Approximately 40% of patients are first diagnosed with RCC at the advanced stage, and 30% of patients treated for an earlier stage go on to develop metastases. About half of patients living with advanced RCC do not go on to receive additional treatment after first-line therapy, for reasons that may include poor performance status or adverse events from their initial treatment. The five-year survival rate for patients with metastatic RCC is approximately 12%.
More than 12,000 people are diagnosed with renal cell carcinoma (RCC) in the UK each year and it is now the seventh most common cancer in British adults.
Since the early 1990s, kidney cancer incidence rates have increased by almost 87% in the UK. It is expected to be one of the fastest growing cancers over the next decade due to a range of factors including the UK’s ageing population, smoking, and the rise in obesity.

Dr Balaji Venugopal, Honorary Clinical Senior Lecturer, University of Glasgow, said: “Advanced kidney cancer has a devastating impact on patients’ quality and longevity of life and there is an unmet need to improve on the current available treatment and treat this disease with newer drugs.

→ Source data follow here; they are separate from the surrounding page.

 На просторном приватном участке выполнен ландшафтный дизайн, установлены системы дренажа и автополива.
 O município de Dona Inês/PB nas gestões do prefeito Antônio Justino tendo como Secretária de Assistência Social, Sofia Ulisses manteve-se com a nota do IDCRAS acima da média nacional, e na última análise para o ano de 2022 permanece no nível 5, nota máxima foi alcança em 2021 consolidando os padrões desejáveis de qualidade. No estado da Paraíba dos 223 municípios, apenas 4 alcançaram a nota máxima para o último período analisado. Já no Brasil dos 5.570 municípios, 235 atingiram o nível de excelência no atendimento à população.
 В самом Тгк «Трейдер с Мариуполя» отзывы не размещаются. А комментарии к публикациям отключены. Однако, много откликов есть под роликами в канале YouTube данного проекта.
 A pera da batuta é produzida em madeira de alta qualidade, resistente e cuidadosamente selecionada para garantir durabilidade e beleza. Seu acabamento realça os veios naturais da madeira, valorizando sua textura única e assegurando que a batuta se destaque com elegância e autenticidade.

“Avelumab, a novel immunotherapy, in combination with axitinib has demonstrated clinically significant and meaningful improvements in efficacy by extending the time without worsening of cancer and causing tumour shrinkage, along with a generally manageable safety profile compared to currently available treatment. Notably this benefit is seen in all prognostic risk groups in patients with advanced renal cell carcinoma and can help healthcare professionals optimise their patients’ treatment. [This] approval is a step in the right direction and it is exciting to be able to treat our patients first-line with this novel combination to improve outcomes for our patients.”

Nick Turkentine, CEO of Kidney Cancer UK said: “Renal cell carcinoma is the most common type of kidney cancer, accounting for over 80% of all cases of the disease. Around 4,500 kidney cancer deaths occur in the UK every year and people with advanced RCC have typically faced very poor outcomes.

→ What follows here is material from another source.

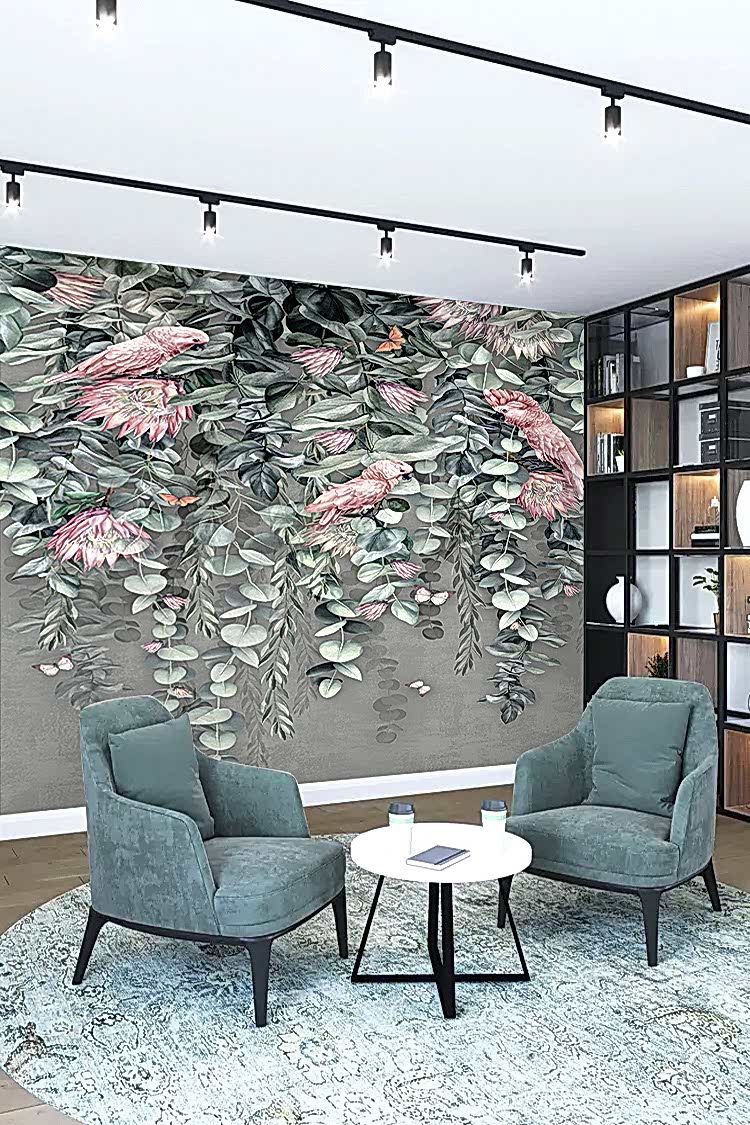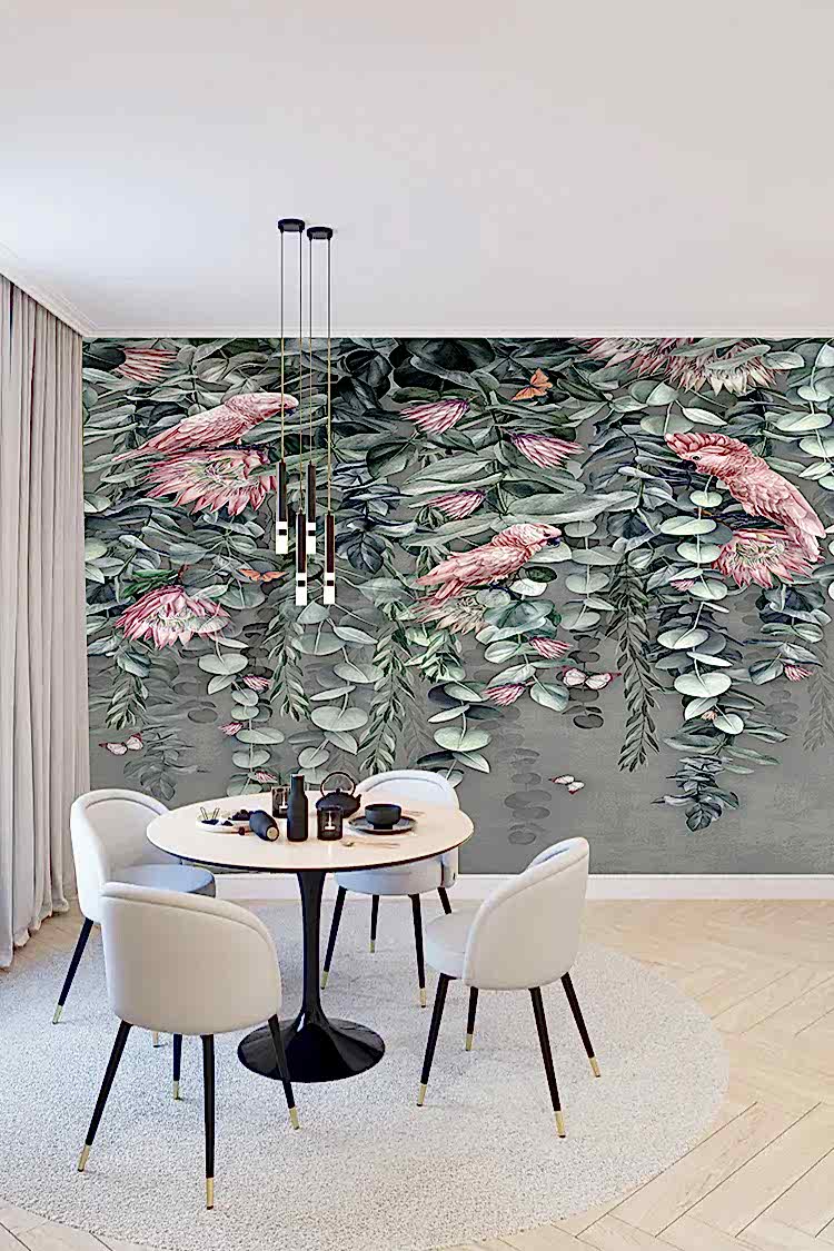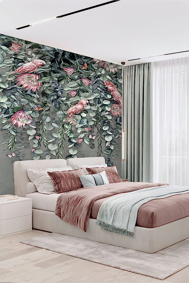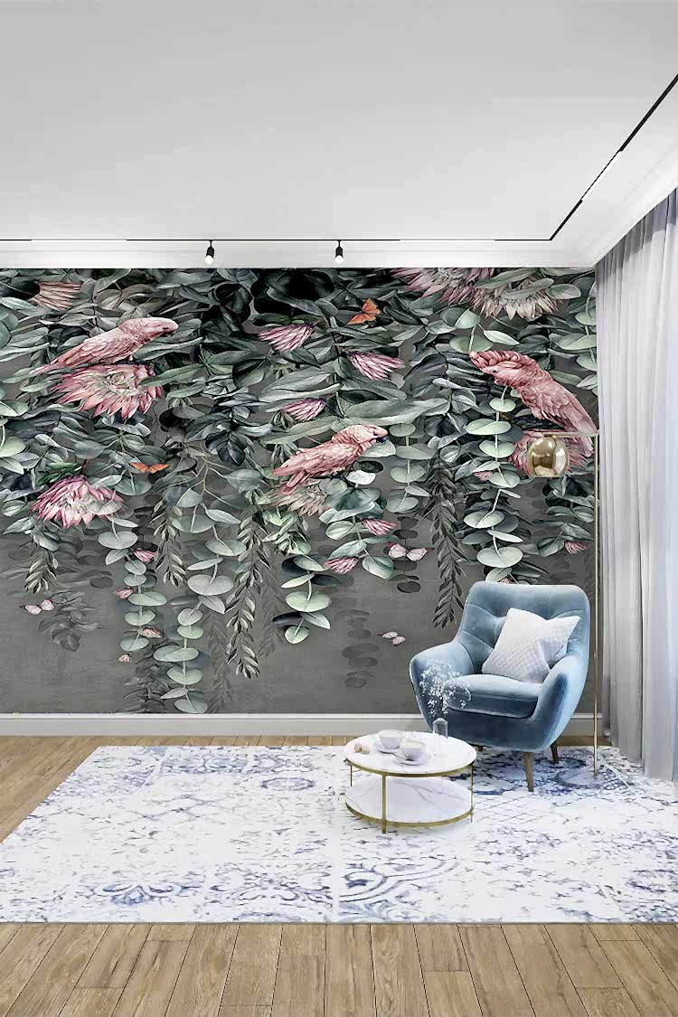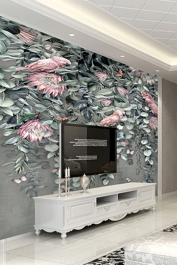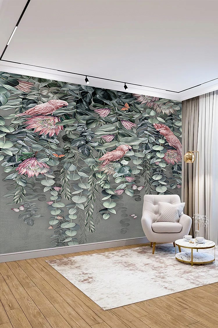 Tropikal Çiçek ve Kuş Desenli Duvar Kağıdı

“There is a considerable need for more treatment options, and we are pleased this new treatment for advanced RCC has been approved to be used in the UK. It’s important that it is now made available to patients who need the treatment as soon as possible.”

Belinda Byrne, Medical Director, Merck UK & Ireland, said: “Our focus now is to work with funding bodies across the UK to ensure patients have access to this much needed treatment option.”